— GIVEN DATA —
- - - -

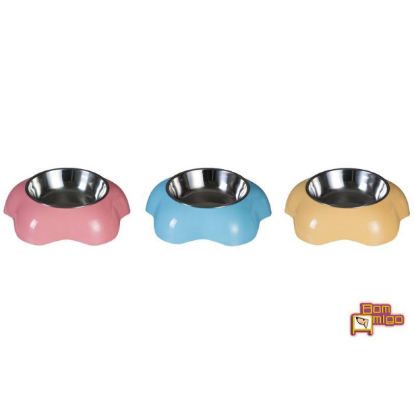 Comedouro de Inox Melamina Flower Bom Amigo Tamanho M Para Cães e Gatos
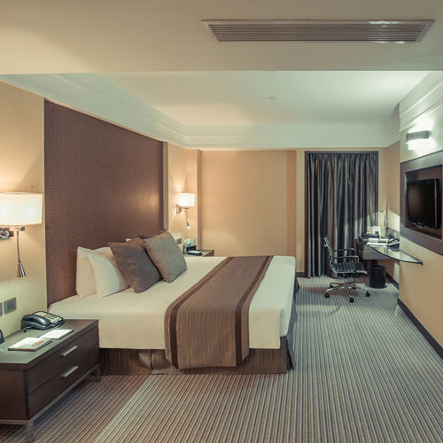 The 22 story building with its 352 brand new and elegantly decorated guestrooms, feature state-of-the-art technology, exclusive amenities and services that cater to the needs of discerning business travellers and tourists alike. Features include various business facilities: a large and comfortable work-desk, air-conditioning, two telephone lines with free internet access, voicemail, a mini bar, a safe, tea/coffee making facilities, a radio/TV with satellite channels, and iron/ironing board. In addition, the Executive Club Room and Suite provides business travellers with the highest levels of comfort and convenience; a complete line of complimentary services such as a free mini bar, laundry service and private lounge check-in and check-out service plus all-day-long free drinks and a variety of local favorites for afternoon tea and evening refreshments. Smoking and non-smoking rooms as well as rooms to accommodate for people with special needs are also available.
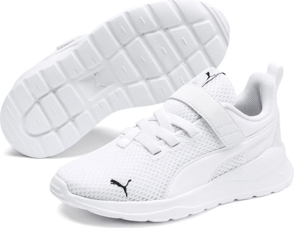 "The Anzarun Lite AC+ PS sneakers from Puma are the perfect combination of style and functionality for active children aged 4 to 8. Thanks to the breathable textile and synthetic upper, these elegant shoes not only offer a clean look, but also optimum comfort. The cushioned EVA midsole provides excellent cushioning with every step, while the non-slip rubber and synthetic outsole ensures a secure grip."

- - - -

— EXERCISE INSTRUCTIONS —
Omit the pictures, then copy out all the data exactly as it stands.

— EXERCISE ANSWER —
 Comedouro de Inox Melamina Flower Bom Amigo Tamanho M Para Cães e Gatos
 The 22 story building with its 352 brand new and elegantly decorated guestrooms, feature state-of-the-art technology, exclusive amenities and services that cater to the needs of discerning business travellers and tourists alike. Features include various business facilities: a large and comfortable work-desk, air-conditioning, two telephone lines with free internet access, voicemail, a mini bar, a safe, tea/coffee making facilities, a radio/TV with satellite channels, and iron/ironing board. In addition, the Executive Club Room and Suite provides business travellers with the highest levels of comfort and convenience; a complete line of complimentary services such as a free mini bar, laundry service and private lounge check-in and check-out service plus all-day-long free drinks and a variety of local favorites for afternoon tea and evening refreshments. Smoking and non-smoking rooms as well as rooms to accommodate for people with special needs are also available.
 "The Anzarun Lite AC+ PS sneakers from Puma are the perfect combination of style and functionality for active children aged 4 to 8. Thanks to the breathable textile and synthetic upper, these elegant shoes not only offer a clean look, but also optimum comfort. The cushioned EVA midsole provides excellent cushioning with every step, while the non-slip rubber and synthetic outsole ensures a secure grip."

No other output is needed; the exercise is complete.